Quoting Kundera from the book:

The heavier the burden, the closer our lives come to the earth, the more real and truthful they become. Conversely, the absolute absence of burden causes man to be lighter than air, to soar into heights, take leave of the earth and his earthly being, and become only half real, his movements as free as they are insignificant. What then shall we choose? Weight or lightness? ... When we want to give expression to a dramatic situation in our lives, we tend to use metaphors of heaviness. We say that something has become a great burden to us. We either bear the burden or fail and go down with it, we struggle with it, win or lose. And Sabina – what had come over her? Nothing. She had left a man because she felt like leaving him. Had he persecuted her? Had he tried to take revenge on her? No. Her drama was a drama not of heaviness but of lightness. What fell to her lot was not the burden, but the unbearable lightness of being.
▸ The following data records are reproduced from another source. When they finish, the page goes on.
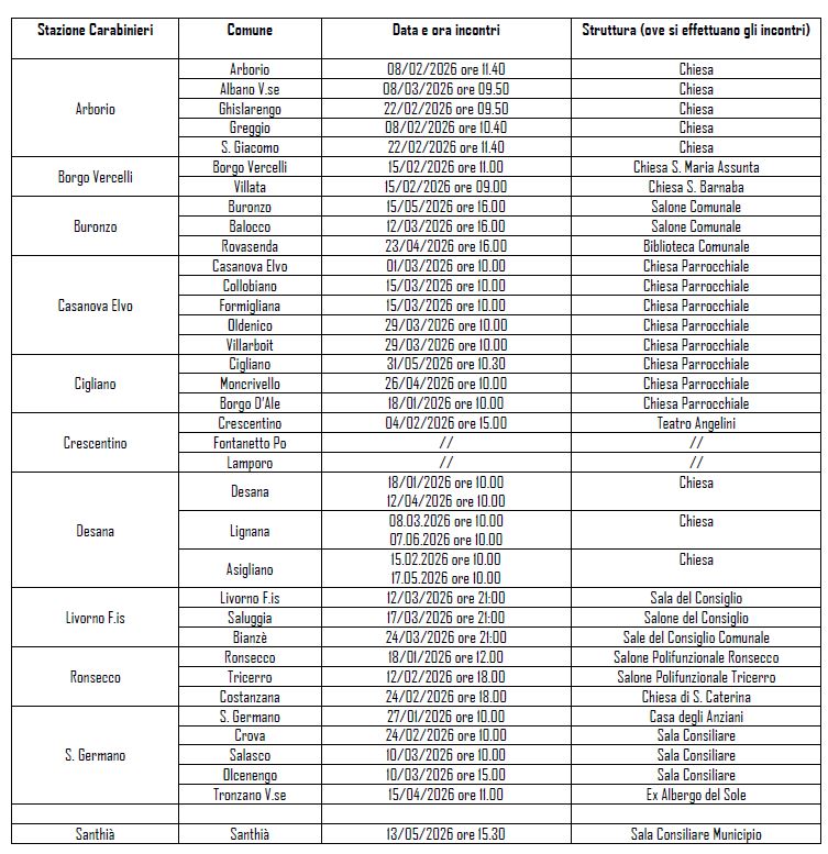 Alla luce della partecipazione registrata, il Comando Provinciale Carabinieri di Vercelli comunica il nuovo calendario di incontri tra cittadini e Forze dell’Ordine, che proseguiranno nei prossimi mesi con l’obiettivo di rafforzare la consapevolezza sui rischi legati alle truffe e promuovere comportamenti prudenti ed adeguati in caso di contatti sospetti e /o richieste anomale.
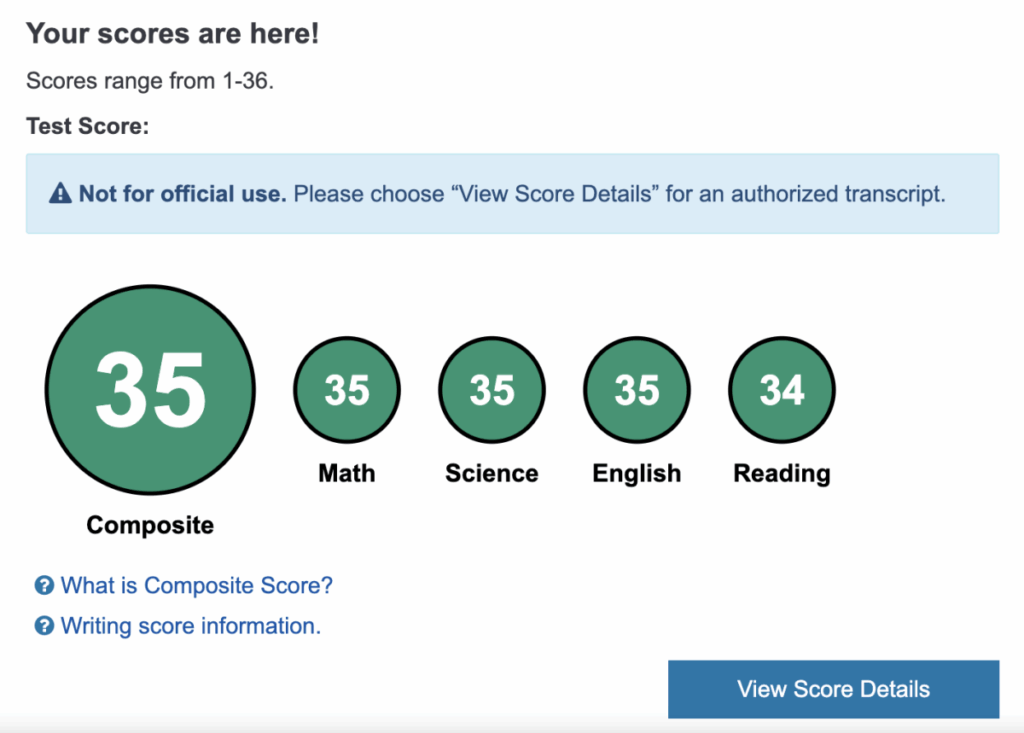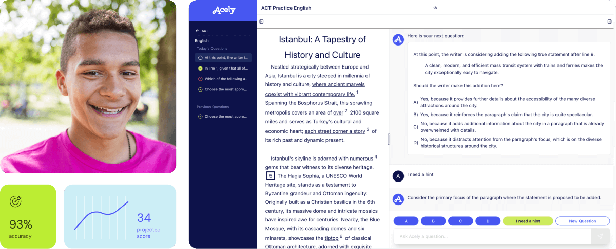 “I love how Acely creates practice tests that feel just like the real ACT. They made me feel super comfortable when I took the test for the first time in December. Just a few months earlier, I had almost no experience with the ACT at all. Acely helped me understand the types of questions that appear on the test. The program told me where I was making mistakes and where I could improve my time management. On test day, there wasn’t a single question format I hadn’t seen before, thanks to Acely’s comprehensive curriculum. Acely has been a big help!”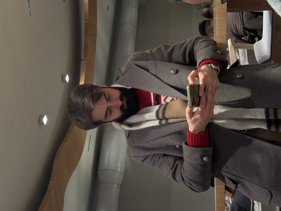 A man with a beard, wearing a red patterned sweater and a striped scarf under a gray coat, is holding a smartphone. He's indoors with other people in the background. A wooden beam and cylindrical white structures are visible along the ceiling. He seems to be focused on the device.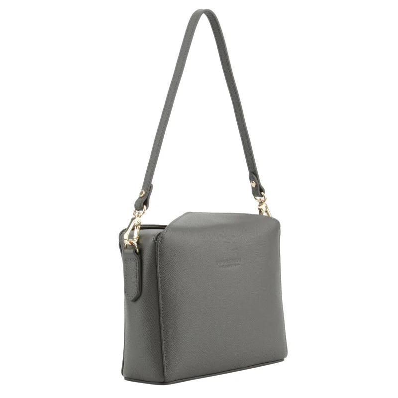 Fabriqué en toile texturée, ce sac présente une finition de haute qualité, offrant une allure sophistiquée et durable. Sa silhouette structurée, avec des angles légèrement arrondis, lui confère un aspect moderne et chic, idéal pour un usage quotidien.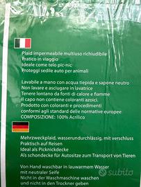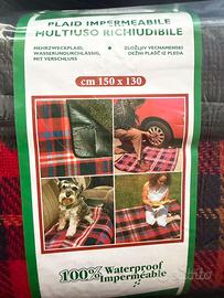 Vendo come da foto nuovo Plaid scozzese impermeabile multiuso richiudibile e con una pratica maniglia per il trasporto. Misura 150 × 130 cm.

In the novel, Nietzsche's concept is attached to an interpretation of the German adage einmal ist keinmal 'one occurrence is not significant'; namely, an "all-or-nothing" cognitive distortion that Tomáš must overcome in his hero's journey. He initially believes "If we only have one life to live, we might as well not have lived at all," and specifically (with respect to committing to Tereza) "There is no means of testing which decision is better, because there is no basis for comparison." The novel resolves this question decisively that such a commitment is in fact possible and desirable.

==Publication==
The Unbearable Lightness of Being (1984) was not published in the original Czech until 1985 by the exile publishing house 68 Publishers (Toronto, Ontario). The second Czech edition was published in October 2006, in Brno, Czech Republic, some 18 years after the Velvet Revolution, because Kundera did not approve it earlier. The first English translation by Michael Henry Heim was published in hardback in 1984 by Harper & Row in the U.S. and Faber and Faber in the UK and in paperback in 1985.

==Film==

In 1988, an American-made film adaptation of the novel was released starring Daniel Day-Lewis, Lena Olin and Juliette Binoche and directed by Philip Kaufman. In a note to the Czech edition of the book, Kundera remarks that the movie had very little to do with the spirit either of the novel or the characters in it. In the same note, Kundera goes on to say that after this experience he no longer allows any adaptations of his work.